Each Unit consists of one common share of Barksdale (a “Common Share“) and one Common Share purchase warrant (a “Warrant“), whereby each Warrant entitles the holder to acquire one Common Share at a price of $0.23 for a period of three years from the date of issuance.

Proceeds of the Offering will be used to finance exploration activities at the Company’s properties in Arizona as well as for working capital and general corporate purposes. Pursuant to the closing of the Offering, the Company paid an aggregate of (i) $199,516.60 in cash finder’s fees and issued an aggregate of 1,330,111 finder’s warrants to eligible finders in connection with the First Tranche, and (ii) $64,396.49 in cash finder’s fees and issued an aggregate of 429,309 finder’s warrants to eligible finders in connection with the Final Tranche. The finder’s fees in respect of the Offering, therefore, total $263,913.09 and 1,759,420 finder’s warrants. Each finder’s warrant entitles the holder to acquire one Common Share at a price of $0.23 until June 27, 2027 (First Tranche) or July 27, 2027 (Final Tranche).

All securities issued pursuant to the (i) First Tranche are subject to a statutory hold period expiring October 28, 2027, and (ii) Final Tranche are subject to a statutory hold period expiring November 27, 2027; each expiration date being the date that is four months and one day from the date of issuance.
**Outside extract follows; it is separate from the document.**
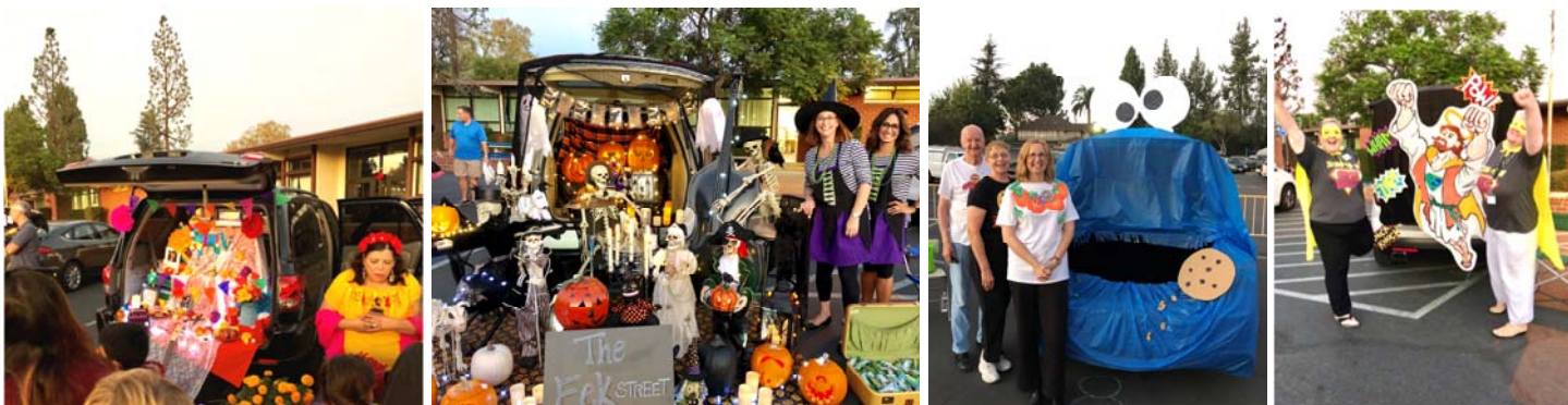
Our first Trunk or Treat event attracted a big turn-out of families with young children who enjoyed treats from imaginative car trunks, bounce houses, refreshments and music. Thanks to everyone who participated!

The Offering remains subject to TSX Venture Exchange final acceptance.

The securities described herein have not been, and will not be, registered under the United States Securities Act of 1933, as amended (the “U.S. Securities Act“), or any state securities laws, and may not be offered or sold within the United States except in compliance with the registration requirements of the U.S. Securities Act and applicable state securities laws or pursuant to available exemptions therefrom. This release does not constitute an offer to sell or a solicitation of an offer to buy of any securities in the United States.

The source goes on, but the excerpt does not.